Re: Is spark-env.sh sourced by Application Master and Executor for Spark on YARN?

2018-01-03 Thread John Zhuge
Sounds good.

Should we add another paragraph after this paragraph in configuration.md to
explain executor env as well? I will be happy to upload a simple patch.

Note: When running Spark on YARN in cluster mode, environment variables
> need to be set using the spark.yarn.appMasterEnv.[EnvironmentVariableName]
>  property in your conf/spark-defaults.conf file. Environment variables
> that are set in spark-env.sh will not be reflected in the YARN
> Application Master process in clustermode. See the YARN-related Spark
> Properties
> <https://github.com/apache/spark/blob/master/docs/running-on-yarn.html#spark-properties>
>  for
> more information.


Something like:

Note: When running Spark on YARN, environment variables for the executors
need to be set using the spark.yarn.executorEnv.[EnvironmentVariableName]
property in your conf/spark-defaults.conf file or on the command line.
Environment variables that are set in spark-env.sh will not be reflected in
the executor process.



On Wed, Jan 3, 2018 at 7:53 PM, Marcelo Vanzin <van...@cloudera.com> wrote:

> Because spark-env.sh is something that makes sense only on the gateway
> machine (where the app is being submitted from).
>
> On Wed, Jan 3, 2018 at 6:46 PM, John Zhuge <john.zh...@gmail.com> wrote:
> > Thanks Jacek and Marcelo!
> >
> > Any reason it is not sourced?

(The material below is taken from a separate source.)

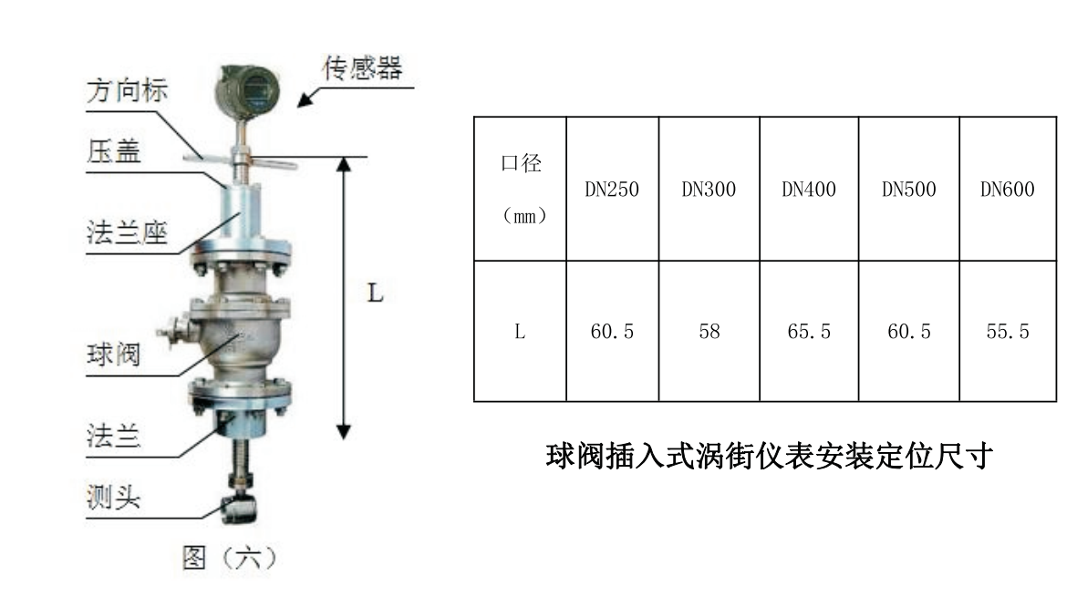 2.3將DN50球閥安裝到安裝底座上。注意球閥的長空腔向上,檢査球閥是否能全開全關(guān)。如有問題應(yīng)進(jìn)行修理將壓緊螺紋座、壓緊螺母和橡膠密封圈安裝 到球閥上。松開定位螺釘和壓緊螺母,將傳感器插入桿通過球閥插入被測管道。插入 深度由H4計(jì)算,并由游標(biāo)卡尺或鋼卷尺測量,符合要求后,上緊壓緊螺母和定位螺 釘,同時(shí)應(yīng)注意傳感器方向標(biāo)志桿指向應(yīng)和流體流向一致

Any security consideration?
> >
> >
> > On Wed, Jan 3, 2018 at 9:59 AM, Marcelo Vanzin <van...@cloudera.com>
> wrote:
> >>
> >> On Tue, Jan 2, 2018 at 10:57 PM, John Zhuge <jzh...@apache.org> wrote:
> >> > I am running Spark 2.0.0 and 2.1.1 on YARN in a Hadoop 2.7.3 cluster.
> Is
> >> > spark-env.sh sourced when starting the Spark AM container or the
> >> > executor
> >> > container?
> >>
> >> No, it's not.
> >>
> >> --
> >> Marcelo
> >
> >
> >
> >
> > --
> > John
>
>
>
> --
> Marcelo
>



-- 
John


Re: Is spark-env.sh sourced by Application Master and Executor for Spark on YARN?

2018-01-03 Thread John Zhuge
Thanks Jacek and Marcelo!

Any reason it is not sourced? Any security consideration?

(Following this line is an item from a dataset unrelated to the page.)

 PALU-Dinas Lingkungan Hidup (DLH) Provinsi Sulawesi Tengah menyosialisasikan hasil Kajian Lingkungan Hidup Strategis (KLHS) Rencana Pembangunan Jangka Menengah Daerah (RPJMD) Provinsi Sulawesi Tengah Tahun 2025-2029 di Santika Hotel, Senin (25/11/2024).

On Wed, Jan 3, 2018 at 9:59 AM, Marcelo Vanzin <van...@cloudera.com> wrote:

> On Tue, Jan 2, 2018 at 10:57 PM, John Zhuge <jzh...@apache.org> wrote:
> > I am running Spark 2.0.0 and 2.1.1 on YARN in a Hadoop 2.7.3 cluster. Is
> > spark-env.sh sourced when starting the Spark AM container or the executor
> > container?
>
> No, it's not.
>
> --
> Marcelo
>



-- 
John


Is spark-env.sh sourced by Application Master and Executor for Spark on YARN?

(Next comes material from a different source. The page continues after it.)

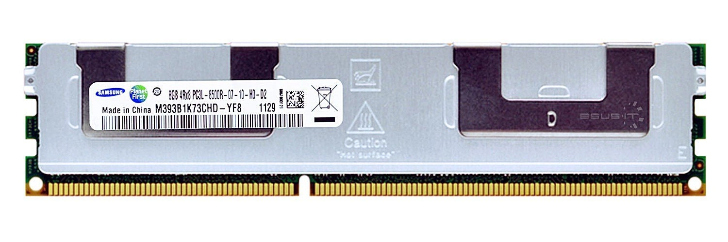 - Kit de RAM 8 GB que consiste en 1x 8GB PC3-8500 DDR3 1066MHz 1.35 / 1.5 ECC REGISTERED | M393B1K73CHD-YF8

2018-01-02 Thread John Zhuge
Hi,

I am running Spark 2.0.0 and 2.1.1 on YARN in a Hadoop 2.7.3 cluster. Is
spark-env.sh sourced when starting the Spark AM container or the executor
container?

Saw this paragraph on
https://github.com/apache/spark/blob/master/docs/configuration.md:

Note: When running Spark on YARN in cluster mode, environment variables
> need to be set using the spark.yarn.appMasterEnv.[EnvironmentVariableName] 
> property
> in your conf/spark-defaults.conf file. Environment variables that are set
> in spark-env.sh will not be reflected in the YARN Application Master
> process in clustermode. See the YARN-related Spark Properties
> <https://github.com/apache/spark/blob/master/docs/running-on-yarn.html#spark-properties>
>  for
> more information.


Does it mean spark-env.sh will not be sourced when starting AM in cluster
mode?
Does this paragraph appy to executor as well?

Thanks,
-- 
John Zhuge